A formal investigation into similar allegations has been initiated by the British into the government of Prime Minister Tony Blair. In response, Blair has predicted that history will look kindly on the overthrow of Saddam Hussein’s sadistic rule, even if the coalition was mistaken about the weapons of mass destruction.
You can imagine how Blair’s political pirouette goes over in a place like Damascus. Al Jazeera, the infamous Arab news network that occupies the same strident niche in the Middle East that Fox represents here, characterizes the claims regarding Iraq’s weapons of mass destruction as “blatant lies.”
Even here at home, the Green Party, which attracted 2.8 million voters in the 2000 election, has officially adopted a platform that calls for the impeachment of President Bush for making false statements to Congress to gain support for the war. While undeniably extreme (the Greens also want the president charged with war crimes), the platform dramatically demonstrates the depth of the skepticism about the President’s motives.

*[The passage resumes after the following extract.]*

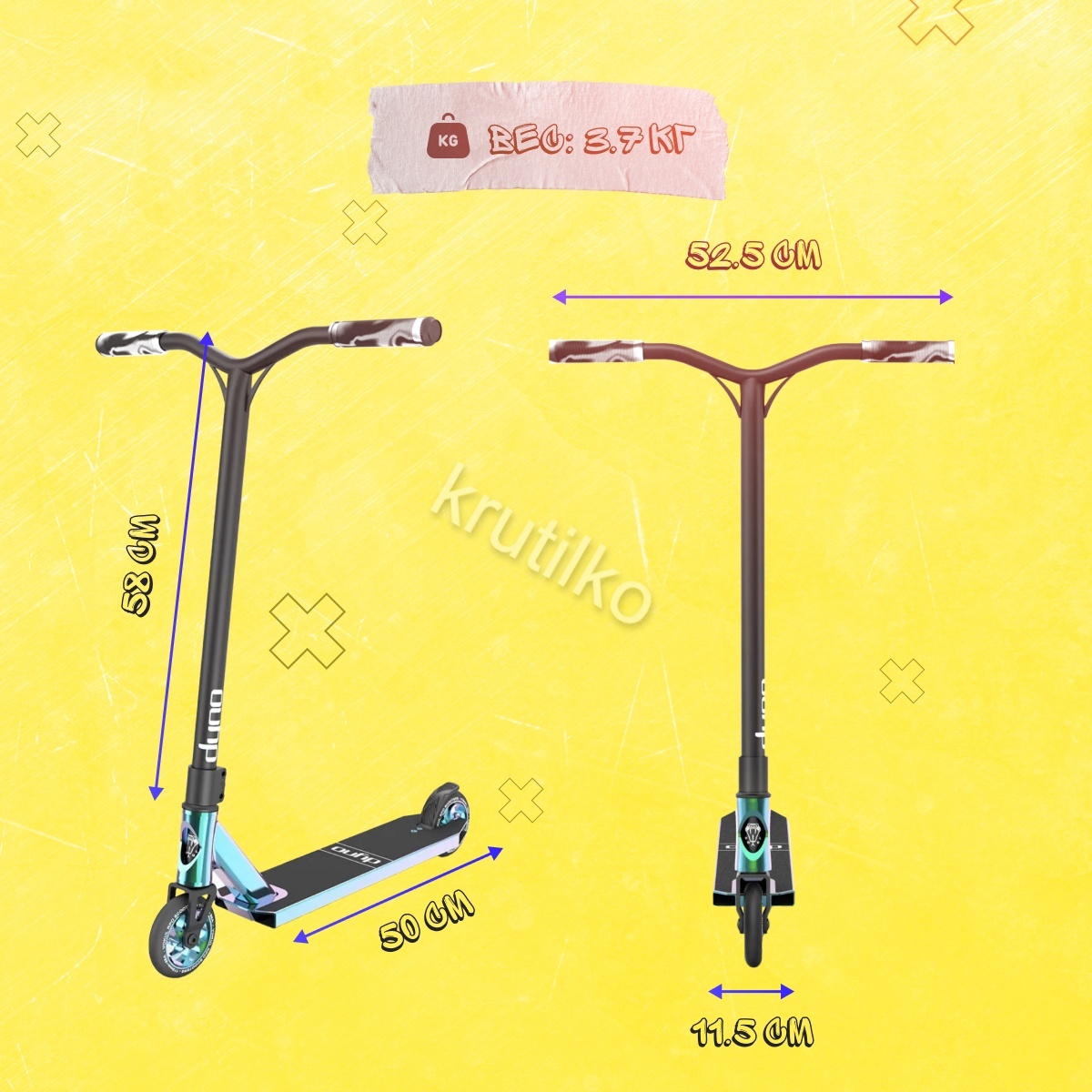 Самокат Трюковой Vokul Трюковой DYNO 2021 Бензиновый, 110 мм

The president got himself in deeper on Sunday, when he rationalized the occupation of Iraq by redefining it as the central front in the war on terrorism. Critics were quick to point out that the terrorists probably showed up after the occupation, not before. In fact, it might be more accurate to say that the terrorists have opened up a front against the U.S., rather than the other way around. As the British Foreign Secretary has noted, we are probably the cause of our own trouble.

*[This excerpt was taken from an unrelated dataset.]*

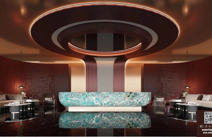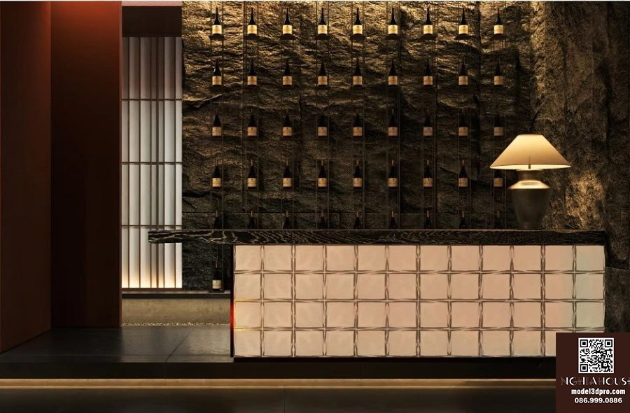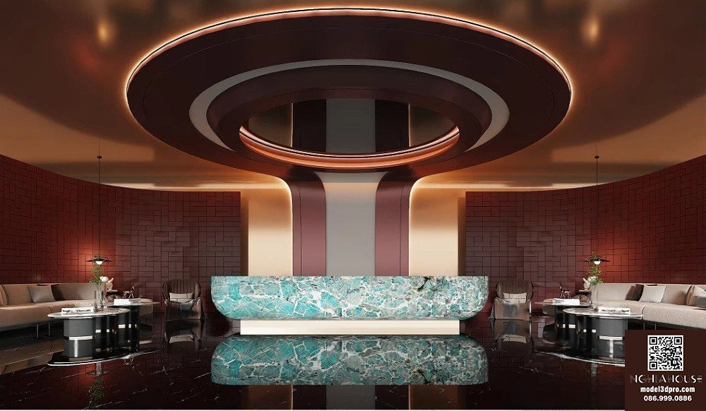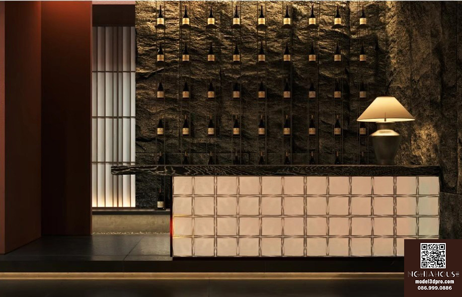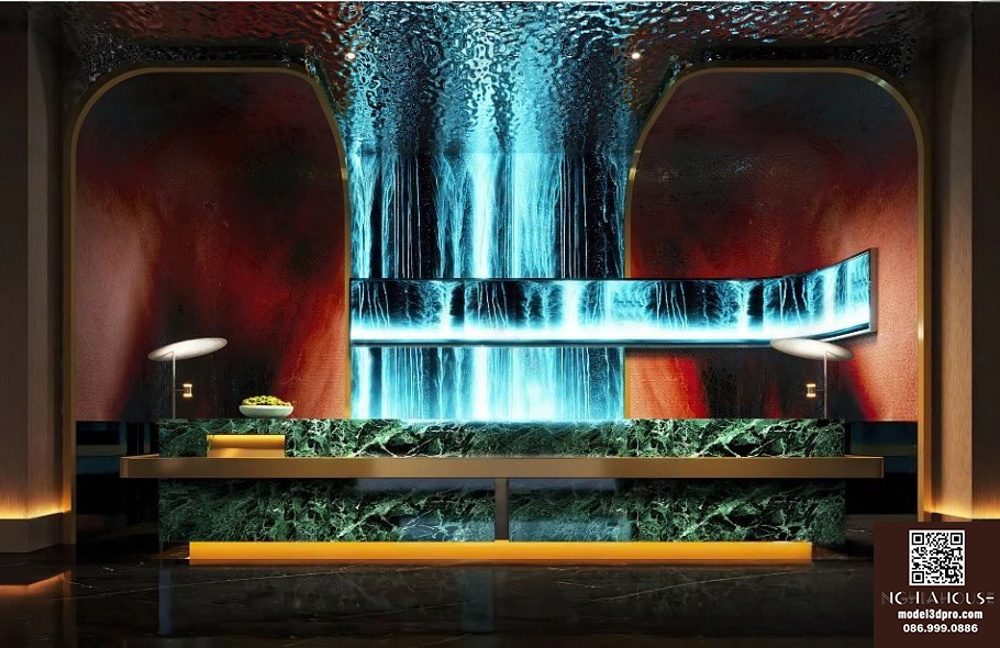 3D Model Modern Red Console Table with Marble Wall Background_100756327

The alleged connection between Saddam Hussein and Al Qaeda has always been one of the least convincing elements of the president’s argument for invasion, but casting Iraq as a preferred haven for terrorists represents a feeble new low in White House efforts to influence public opinion about the war. When the Commander in Chief misconstrues visible causes and effects, there is little reason for an already reluctant world to recognize U.S. authority, much less yield to it.
Nevertheless, the president and his advisors are back at the U.N., hoping the Security Council will allow bygones to be bygones, and that the international community will find a way to cooperate in Iraq, in the same manner that would have been appropriate the first time around.
If we’re lucky, the U.N. will bail us out by lending legitimacy to the military occupation and reconstruction. And despite U.S. missteps, there are good reasons for the Security Council to get involved in Iraq now and share the cost of reconstruction. The potential for an unspeakably devastating terrorist attack elsewhere in the world should be incentive enough to intervene. And a peaceful, prosperous and democratic Iraq would help pacify a region that is producing far too many of the most dangerous men in the world.
President Bush comes across most agreeably when he’s trying to inspire us with courage and confidence to fight the war on terror. It’s tempting to allow ourselves to believe his assurances, and to imagine that the purity of our intentions, the nobility of our character, and the strength of our arms will lead to the inevitable triumph of freedom. But of course, that’s just self-aggrandizing fantasy.
The reality is more uncertain, and much more perilous.
The president almost admitted as much on Sunday night, when he warned of the long, hard, and colossally expensive project ahead of us. But that was only a modest step toward restoring his credibility. To convince the world that his leadership is truly worthy of its respect, he’ll need to talk about much more complex and subtle realities with much more convincing precision, and then deliver to us an unambiguous result.